═════ THE DATA ═════

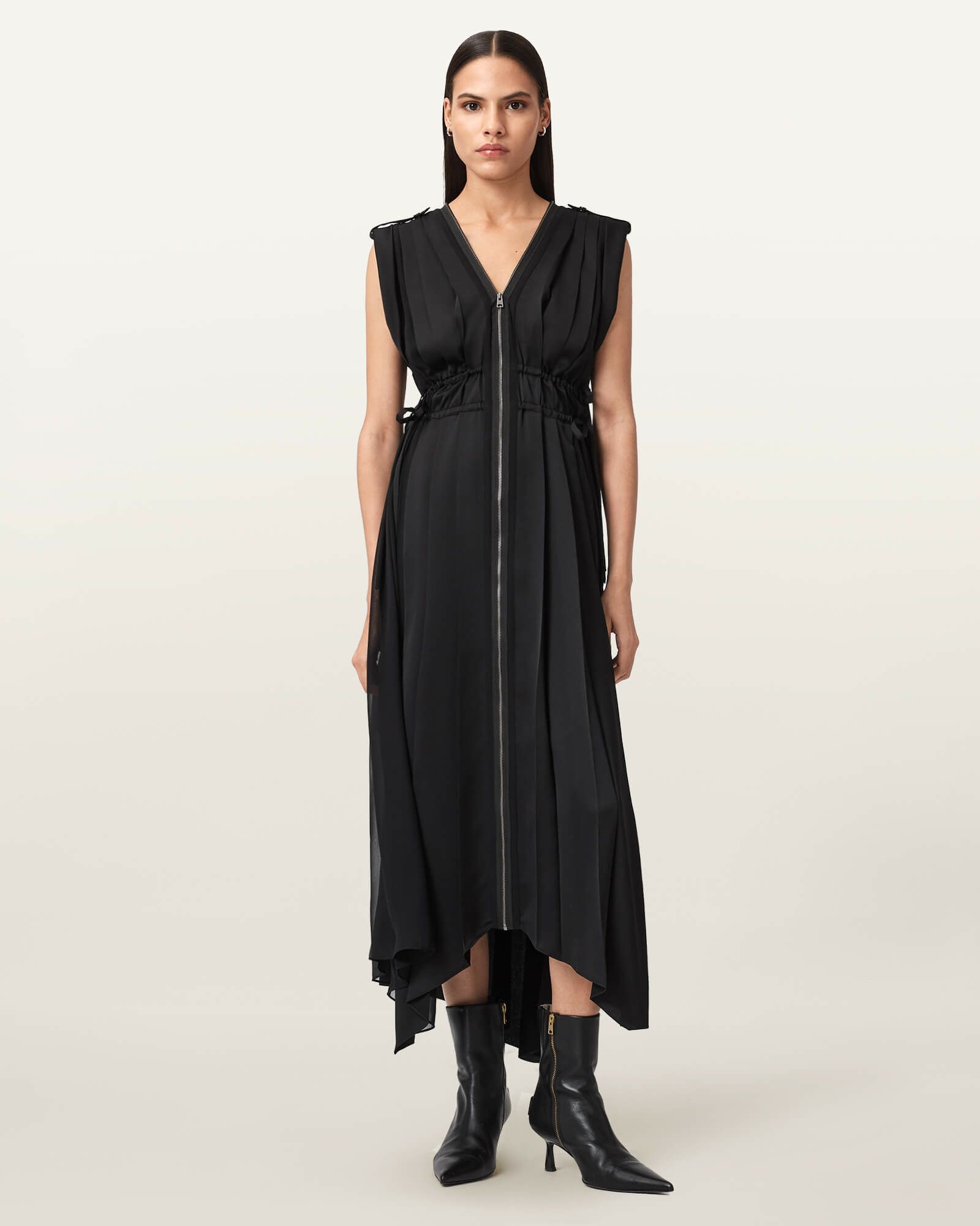 大胆なジップ使いで、フォーマルスタイルにエッジを添えて。
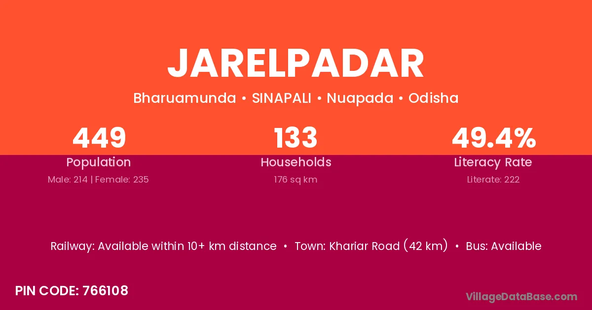 Khariar Road (42 km) is the nearest town to Jarelpadar village for major economic activities and is located approximately 42 km away.
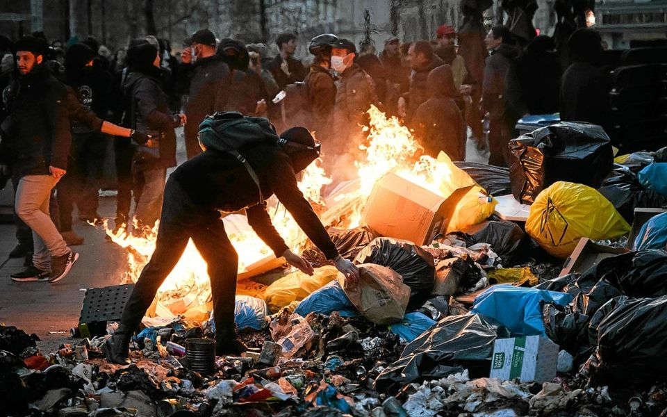 Certains secteurs comme celui des éboueur·ses intensifient leur grève, qui se double de blocages quotidiens dans les raffineries et la collecte des poubelles (public comme privé). Malgré le faible taux de grévistes, ces actions peuvent avoir lieu grâce à l’appui d’autres franges du mouvement, comme les “autonomes” ou encore les lycéen·nes et les étudiant·es qui entrent massivement dans la mobilisation à partir du 9 mars et la soutiennent sur les blocages, les piquets volants ou via leur participation à des caisses de grèves. La gauche fait de son mieux pour “mettre la France à l’arrêt” mais rien n’y fait car le 16 mars, malgré tous ces efforts, Elisabeth Borne annonce son intention de recourir au 49.3. Des manifestations spontanées se tiennent alors à Paris et dans d’autres villes de France et tournent à l’émeute, ponctuées de multiples rassemblements très mobiles et d’incendies de poubelles. Bien que les interdictions de rassemblement se systématisent dès le surlendemain, les manifestations nocturnes se poursuivront tous les soirs jusqu’au 23 mars et de façon tout aussi violente. Le rejet de la motion de censure transpartisane, déposée en grande pompe par le groupe parlementaire centriste LIOT le 20 mars à l’Assemblée Nationale, ne calmera pas les choses.

═════

DIRECTIONS FOR THIS TASK ->
The required output is each line above restated verbatim, with all images omitted.

ANSWER BOX ->
 大胆なジップ使いで、フォーマルスタイルにエッジを添えて。
 Khariar Road (42 km) is the nearest town to Jarelpadar village for major economic activities and is located approximately 42 km away.
 Certains secteurs comme celui des éboueur·ses intensifient leur grève, qui se double de blocages quotidiens dans les raffineries et la collecte des poubelles (public comme privé). Malgré le faible taux de grévistes, ces actions peuvent avoir lieu grâce à l’appui d’autres franges du mouvement, comme les “autonomes” ou encore les lycéen·nes et les étudiant·es qui entrent massivement dans la mobilisation à partir du 9 mars et la soutiennent sur les blocages, les piquets volants ou via leur participation à des caisses de grèves. La gauche fait de son mieux pour “mettre la France à l’arrêt” mais rien n’y fait car le 16 mars, malgré tous ces efforts, Elisabeth Borne annonce son intention de recourir au 49.3. Des manifestations spontanées se tiennent alors à Paris et dans d’autres villes de France et tournent à l’émeute, ponctuées de multiples rassemblements très mobiles et d’incendies de poubelles. Bien que les interdictions de rassemblement se systématisent dès le surlendemain, les manifestations nocturnes se poursuivront tous les soirs jusqu’au 23 mars et de façon tout aussi violente. Le rejet de la motion de censure transpartisane, déposée en grande pompe par le groupe parlementaire centriste LIOT le 20 mars à l’Assemblée Nationale, ne calmera pas les choses.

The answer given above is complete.